There were several calls for increased transparency. There was general consensus on publication of full reports and explanation and justification behind sovereign rating changes, and also detail on the staff involved and time devoted to the rating. There was opposition to the possible measure included in the consultation to requests three days' notice to be given for sovereign rating changes, mainly because of market abuse risks. However, some called for notice to be given with sufficient working hours to respond, rather than the current 12 hour requirement. Some said it was important to increase competition to increase the number of opinions in the market. One participant suggested distinguishing between issuer pays and investor pays models when drafting rules, as an advanced notice rule would not be suitable for an investor solicited rating.

Enhancing competition in the CRA industry

Many participants expressed concern at the oligopolistic structure of the credit rating market, despite the existence of strong regional or specialist players, and stressed the need to increase competition and to encourage more players in the market. One cited a past example of large corporations downgraded by some rating agencies, whereas other agencies maintained investment grade ratings, allowing the corporations to continue to raise funding and to continue to be profitable today. Some noted the importance of local knowledge in this respect.

A few participants said that more players would not necessarily improve competition or that more competition could be stimulated within the current structure. One participant thought that more competition could worsen the quality of ratings, though this was contested by other participants. A representative of the European Parliament explained the proposals regarding the creation of a publicly supported new European rating agency in the form of a foundation assessment.

The majority of participants were against a European rating agency as a public initiative, regardless of how it was funded. Some cited the long timeframe of around 10 years it might take for such an institution to gain credibility, while others thought it never would due to the questions about its independence and absence of conflicts of interest. Some felt that one new, large player would not increase competition. Others felt it was not appropriate to give public support to one specific agency or project over the rest, as this would distort competition.

A number of participants called for regulation to reduce and not increase barriers to entry. One participant noted that despite private ownership, CRAs have an important public responsibility and should base their actions on the public good. One proposed stimulating more competition promoting comparability of the performance of ratings issued by CRAs.

Conflicts of interest in the issuer pays model

Some participants noted that no model is free of conflicts of interest. One proposed the creation of a private not-for-profit investor-pays model foundation, suggesting that by having several stakeholders with different interests, conflicts could be minimised. Several participants called for more focus on conflicts in the registration process.

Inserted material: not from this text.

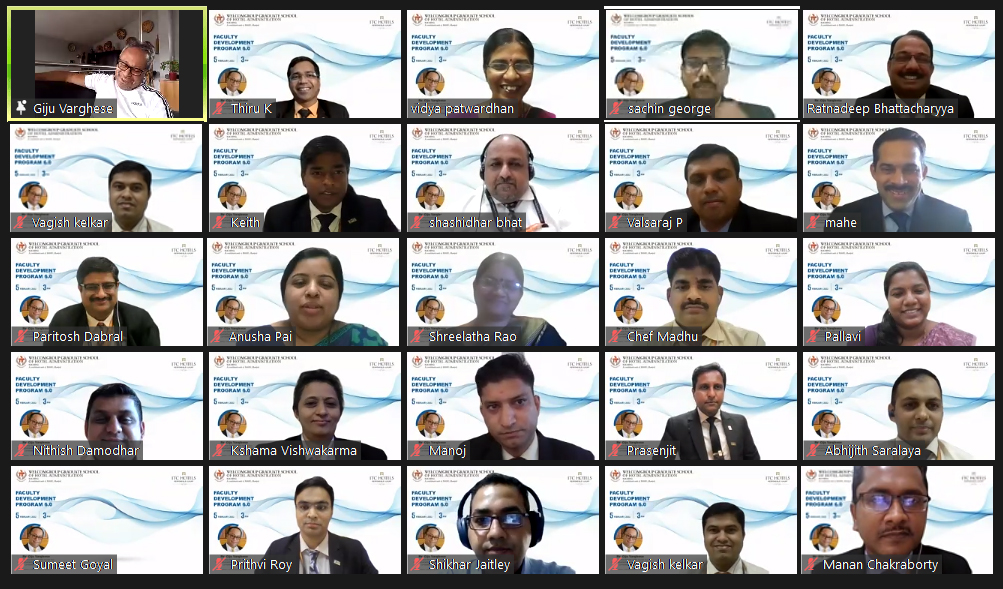 The event begun with an opening address by Chef K. Thirugnanasambantham, Principal, WGSHA. He shared his view points on organizing the FDP programs followed by introducing Mr. Varghese to the audience. The program was anchored by Dr Vidya Patwardhan, Professor, CHTR, WGSHA. The program was concluded with vote of thanks by the anchor. 52 faculty members of WGSHA attended the program and the program was also live telecasted in YouTube.
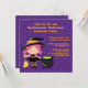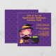 Cet adorable invitation du costume d'Halloween 5.25x5.25 a une petite sorcière tenant un balai debout à côté d'un chaudron en bas à gauche. Vous pouvez facilement customiser les informations de votre parti en haut et en bas à droite. designs de Zenware Designs

Some participants called for greater transparency to counter conflicts. A few participants drew comparisons to the audit industry, with some advocating mandatory rotation. However, others cautioned against this. A few participants cautioned against conflicts created by the shareholding structure of the largest CRAs, and the similarity between their shareholders. One said that the issuer pays model had allowed issuers to bribe for favourable ratings, but this statement was strongly rejected by others.

Civil liability of CRAs

Some supported more stringent liability for CRAs, a few drawing parallels to the audit industry. A standard of gross negligence or intent was suggested. The opinion was also expressed that it would be easier to pursue liability claims against CRAs by moving to an investor-pays based model.

There were calls in various parts of the discussion by participants for CRAs to take responsibility for their actions, especially in view of the serious potential consequences.